Central Alberta AIDS Network Society is among seven agencies across Alberta that will soon be able to provide the medication Naloxone to drug users to reverse opiate overdoses.

Overdose prevention pilot project coming to Red Deer

Central Alberta AIDS Network Society is among seven agencies across Alberta that will soon be able to provide the medication Naloxone to drug users to reverse opiate overdoses.

Central Alberta AIDS Network Society is among seven agencies across Alberta that will soon be able to provide the medication Naloxone to drug users to reverse opiate overdoses.

Executive director Jennifer Vanderschaeghe said the Overdose Prevention Program with take-home Naloxone kits is a one-year, $300,000 pilot project funded by Alberta Health in response to the increase in fentanyl overdoses.

“It’s pure health care prevention. It saves lives. It saves money,” Vanderschaeghe said on Thursday, which coincidently was International Harm Reduction Day.

She said fentanyl, a drug 100 times more potent than morphine, is becoming a bigger issue in Red Deer. In April, she was aware of six overdoses including one death.

Overdose deaths happen more often in Alberta and elsewhere than most people realize, she said.

“There are more overdose deaths every year than there are car accident deaths.”

She said Naloxone kits are a safe way to save lives because Naloxone does no harm.

“If you give Naloxone to someone who is not overdosing on an opiate, nothing bad will happen. There is no way to get high off these drugs.”

An opiate overdose causes breathing to slow down and eventually stop. Naloxone reverses the effects of the opiate to keep people breathing until paramedics arrive.

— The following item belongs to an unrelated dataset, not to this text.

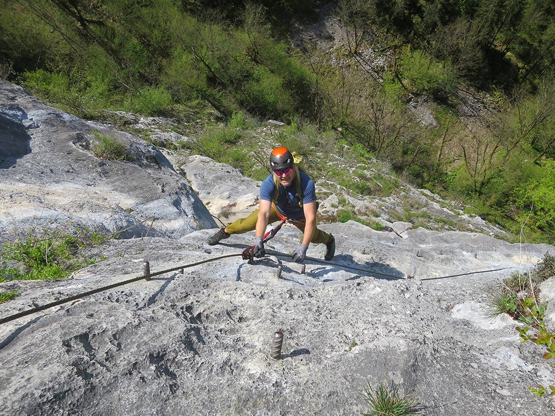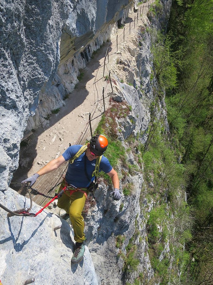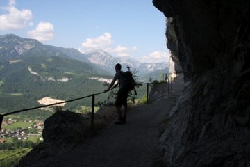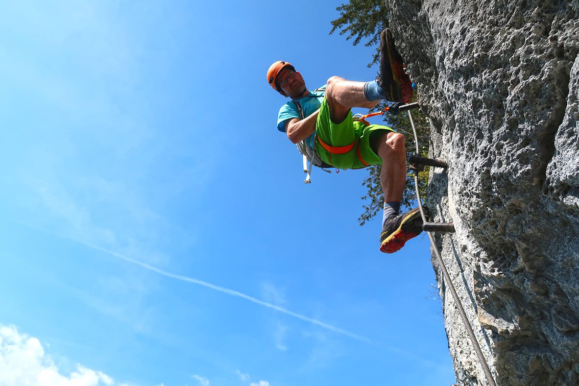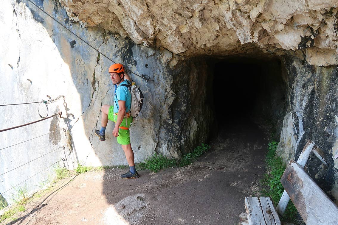 Wer schön einmal dort ist, kann den darunter liegenden Josef Klettersteig (C) gleich mitmachen. Man geht vor dem ersten Tunnel der Wand entlang abwärts zum Einstieg.

“(Naloxone) actually gets in the way of the opiate and the receptors in your brain and it stops your body from processing the opiate for between 30 to 60 minutes.”

Naloxone is injected intramuscularly and a kit contains two doses of the medication and two needles (because sometimes people require two injections), latex gloves, a rescue breathing mask and two swabs. The injection can be given through clothes into a thigh or upper arm if necessary.

Vanderschaeghe said the program will fund 3,250 kits and agencies will likely have them available in June.

CAANS staff received Naloxone training this week. Nurses on staff will train clients to use the kits.

She said the Streetworks program in Edmonton has made Naloxone available to clients for 10 years and was the first in Canada to do so.